As hereinabove described, the composite conductor according to the present invention has an excellent conductive property and can be manufactured at a low cost, since its core part is made of copper or a copper alloy. Further, the conductive intermediate layer is provided between the nickel layer and the core part, whereby it is possible to prevent interdiffusion under a high temperature as well as to minimize reduction of conductivity. In addition, the conductive intermediate layer can contribute to the conductive property, to attain high conductivity.

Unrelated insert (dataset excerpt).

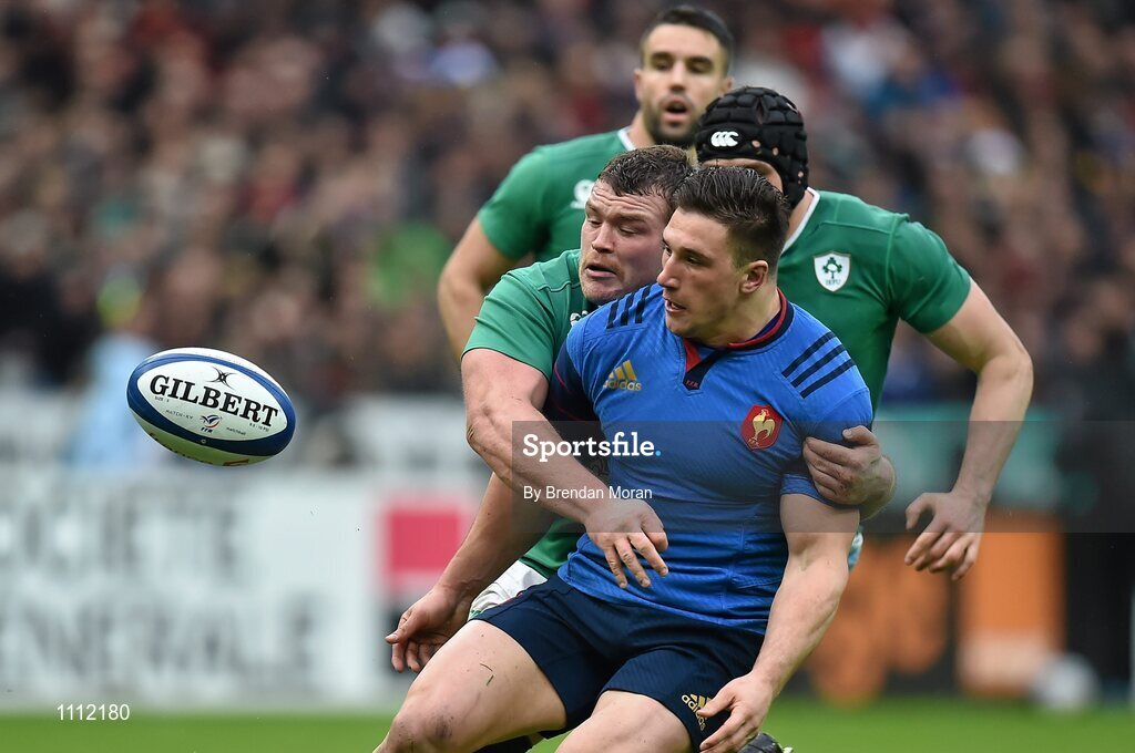 13 February 2016; Camille Chat, France, is tackled by Jack McGrath, Ireland. RBS Six Nations Rugby Championship, France v Ireland. Stade de France, Saint Denis, Paris, France. Picture credit: Brendan Moran / SPORTSFILE
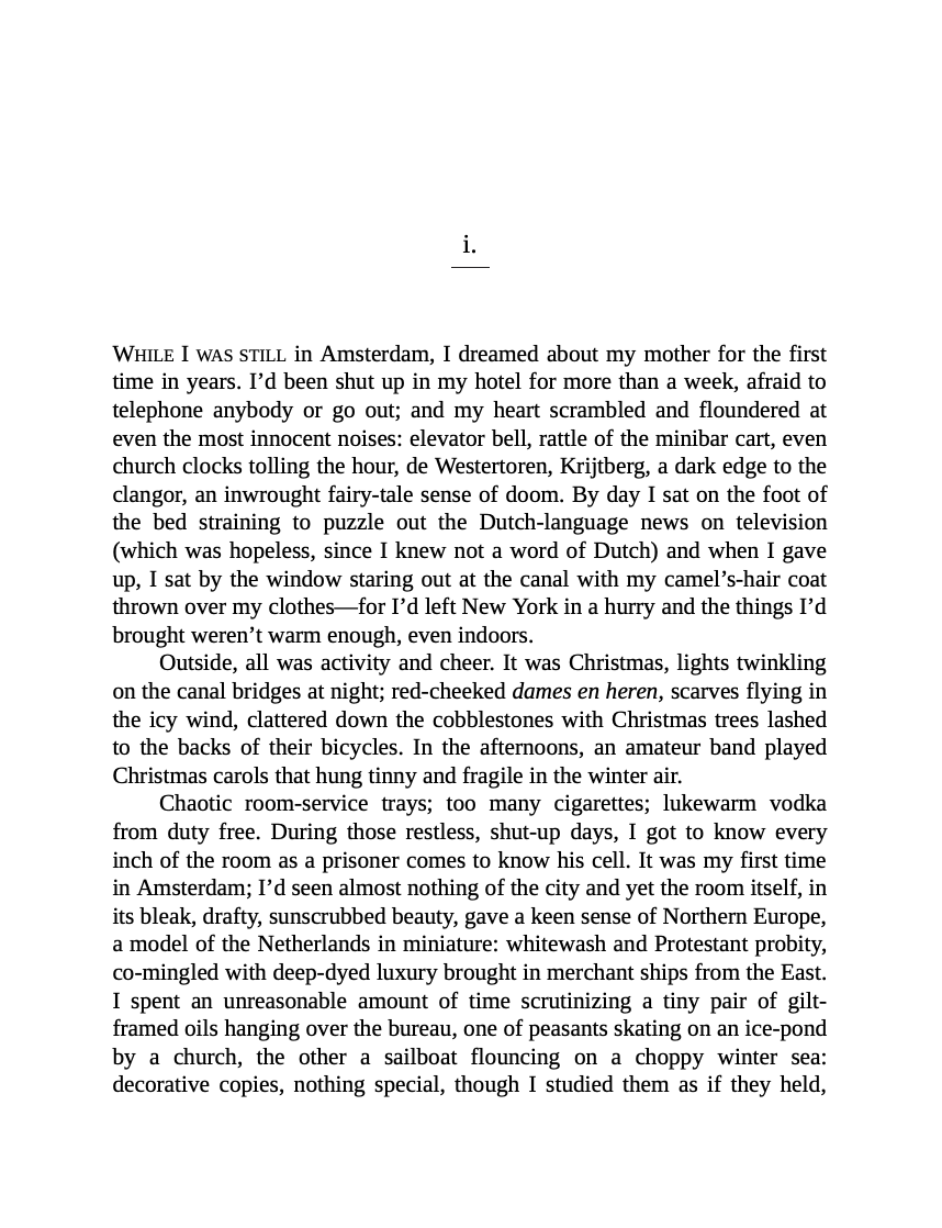 As an adult, Theo moves silkily between the drawing rooms of the rich and the dusty labyrinth of an antiques store where he works. He is alienated and in love -- and at the center of a narrowing, ever more dangerous circle.

Thus, the composite conductor according to the present invention is useful as a conductor for a heat-resistant insulated wire.

Claims

A composite heat resistant and oxidation resistant electrical wire, comprising:
an electrically conducting core consisting of copper or a copper alloy;

an electrically conducting intermediate layer circumferentially surrounding said core, said intermediate layer being made of an electrically conducting material selected from the group consisting of titanium boride and carbon; and

a nickel layer circumferentially surrounding said electrically conducting intermediate layer.
The composite electrical wire according to claim 1, further comprising an oxidation inhibiting ceramics layer provided on the exterior of said nickel layer.
The composite electrical wire according to claim 1 or 2, wherein said copper alloy contains at least 0.1 % by weight of silver.
The composite electrical wire according to any of claims 1 to 3, wherein
said electrically conducting intermediate layer has a thickness of at least 0.05 µm.
The composite electrical wire according to any of claims 1 to 4, wherein
particles forming said electrically conducting intermediate layer and said oxidation inhibiting ceramics layer are at the most 5 µm in mean particle diameter.
The composite electrical wire according to any of claims 2 to 5, wherein
said oxidation inhibiting ceramics layer is at least 0.3 µm in thickness.
The composite electrical wire according to any of claims 2 to 6, wherein
said oxidation inhibiting ceramics layer is at least 1 µm in thickness.
A method of manufacturing a composite heat resistant and oxidation resistant electrical wire, comprising the steps of:
preparing a core consisting of copper or a copper alloy;

coating said core by extruding a mixture of a binder and powder of a conductive material selected from the group consisting of titanium boride and carbon to form an electrically conductive intermediate layer around said core;

covering the obtained wire having said electrically conductive intermediate layer with a nickel tape under an inert gas or reducing gas atmosphere, continuously welding the seam of said tape and cladding said wire by a cladding die; and

drawing the clad wire into a prescribed wire diameter.
The method of manufacturing a composite wire according to claim 8, further comprising the step of
forming a ceramics layer around said drawn wire.
The method of manufacturing a composite wire according to claim 8 or 9, wherein
said binder consists of a phenol resin.